Accessing Wikimedia Pageviews Data

Oliver Keyes

2020-05-10

The Wikimedia websites (such as Wikipedia) are visited by hundreds of millions of people a year, and so the open datasets of pageviews contain useful information on the subjects that interest people around the globe.

The Wikimedia Foundation recently launched a new API for this data that is officially supported, allows a distinction between different types of users and different types of traffic. The pageviews package serves as a client for that API.

Per-article data

The most granular data available is on a per-article basis, and can be accessed with article_pageviews. This takes a project, in the form language.project_class, an article title (with or without spacing), start and (optionally) end dates, specified as R date objects, and (should you choose) the platform and user type to return.

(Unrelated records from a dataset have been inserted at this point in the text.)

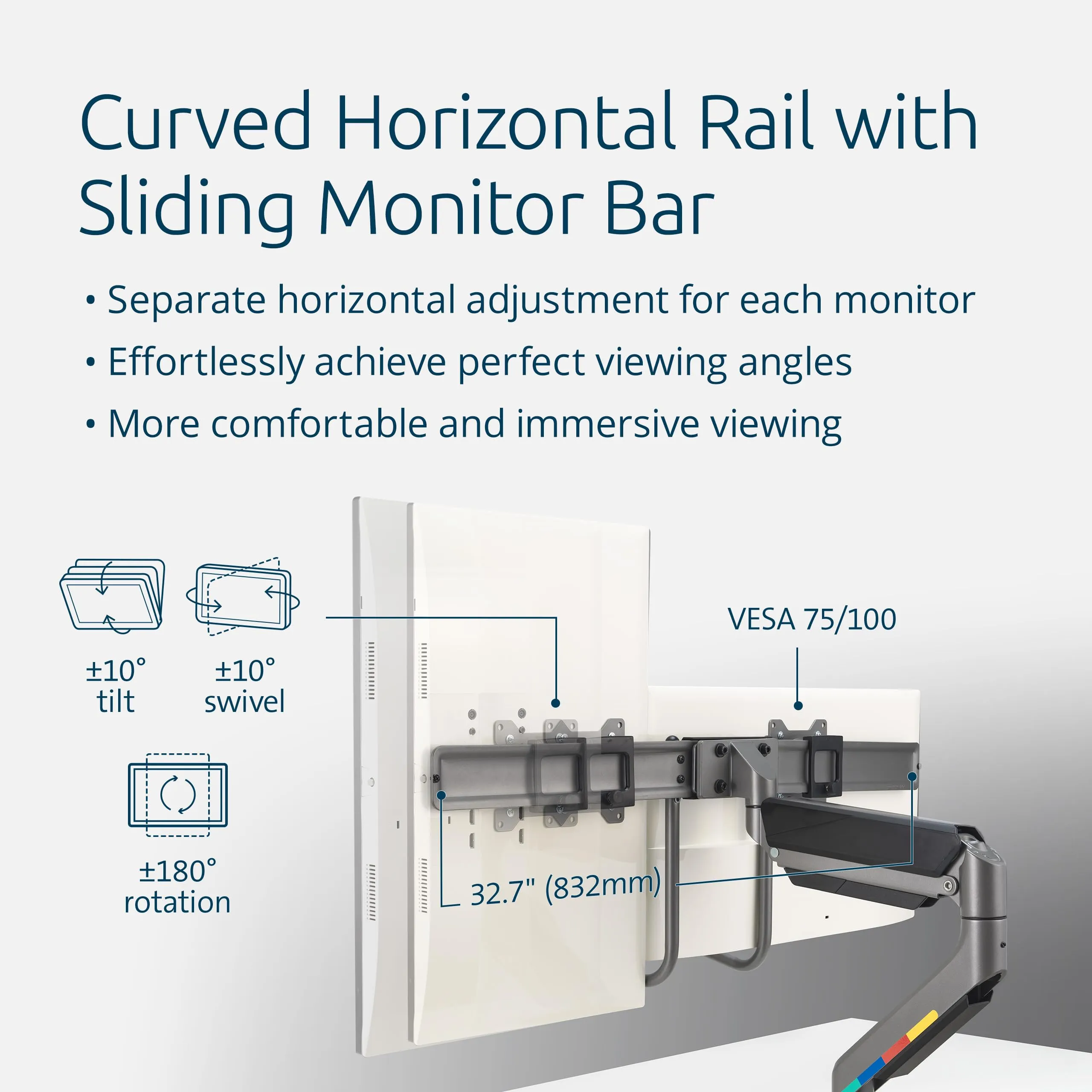 - Supports independent horizontal adjustments for each monitor, enhancing viewing comfort.
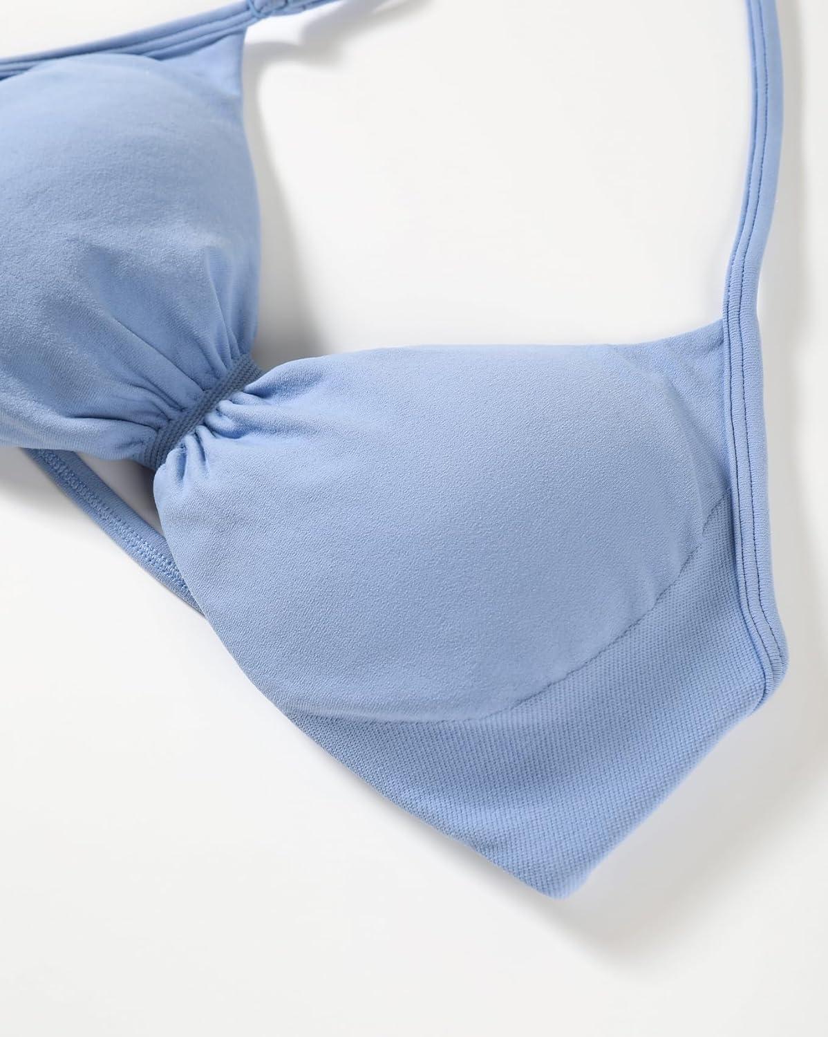 AUROLA Influence Adjustable Strappy Sports Bras for Women,Low Support Seamless Backless Padded Straps Impact Yoga Gym Bra(Airy Blue)
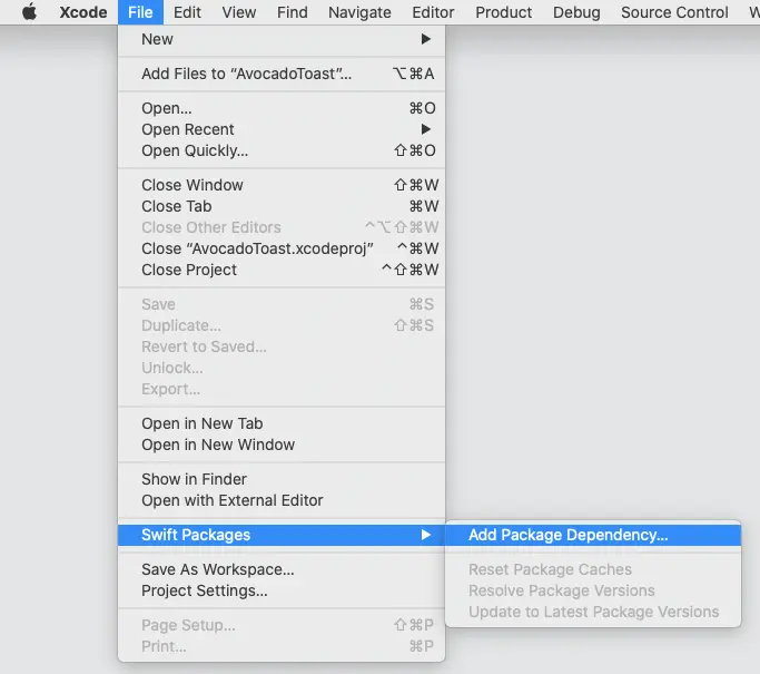 Then we add SwiftWebUI as a Swift Package Manager dependency. The option is hidden in the “File / Swift Packages” menu group:
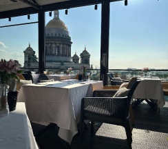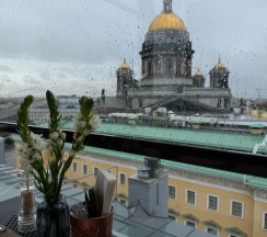 Останавливались на 3 ночи, брали два номера — всё было великолепно. Отель впечатляет с первых минут: дизайнерский интерьер, безупречная чистота, отличное расположение прямо напротив Исаакиевского собора.

By default, it reformats the resulting data as a data.frame:

library(pageviews)
str(article_pageviews(project = "de.wikipedia", article = "R_(Programmiersprache)"
  , start = as.Date('2015-11-01'), end = as.Date("2015-11-02")
  , user_type = c("user", "automated"), platform = c("desktop", "mobile-web")))
## 'data.frame':    8 obs. of  8 variables:
##  $ project    : chr  "wikipedia" "wikipedia" "wikipedia" "wikipedia" ...
##  $ language   : chr  "de" "de" "de" "de" ...
##  $ article    : chr  "R_(Programmiersprache)" "R_(Programmiersprache)" "R_(Programmiersprache)" "R_(Programmiersprache)" ...
##  $ access     : chr  "desktop" "desktop" "mobile-web" "mobile-web" ...
##  $ agent      : chr  "user" "user" "user" "user" ...
##  $ granularity: chr  "daily" "daily" "daily" "daily" ...
##  $ date       : POSIXct, format: "2015-11-01" "2015-11-02" ...
##  $ views      : num  207 444 86 75 0 0 0 0

With the user_type and platform arguments you can include or exclude spiders and other automata, and switch between overall pageviews, pageviews to the desktop site, or pageviews to the mobile site or app. Both user_type and platform can be character strings or vectors, in which case all combinations of user_type and platform will be queried and returned.

Per-project data

Per-project data can also be retrieved using (you’ve guessed it) project_pageviews. This looks very similar to article_pageviews with one major difference: you can specify the granularity of the data, returning either daily or hourly data. The platform, user type and timestamp options are identical.

str(project_pageviews())
## 'data.frame':    1 obs. of  7 variables:
##  $ project    : chr "wikipedia"
##  $ language   : chr "en"
##  $ access     : chr "all-access"
##  $ agent      : chr "all-agents"
##  $ granularity: chr "daily"
##  $ date       : POSIXct, format: "2015-10-01"
##  $ views      : num 2.72e+08

Top articles

With top_articles you can get data about the top 1,000 articles by pageviews on a project within a given timeframe (and on a given platform). This uses distinct year/month/day arguments, and for month and day, you can select “all” indicating that you want the top articles overall in a given year or month respectively.

str(top_articles())
## 'data.frame':    1000 obs. of  8 variables:
##  $ project    : chr  "wikipedia" "wikipedia" "wikipedia" "wikipedia" ...
##  $ language   : chr  "en" "en" "en" "en" ...
##  $ article    : chr  "Main_Page" "Special:Search" "Annie_Besant" "Landslide_(Fleetwood_Mac_song)" ...
##  $ access     : chr  "all-access" "all-access" "all-access" "all-access" ...
##  $ granularity: chr  "day" "day" "day" "day" ...
##  $ date       : POSIXct, format: "2015-10-01" "2015-10-01" ...
##  $ rank       : num  1 2 3 4 5 6 7 8 9 10 ...
##  $ views      : num  18704051 2897671 292707 289704 194791 ...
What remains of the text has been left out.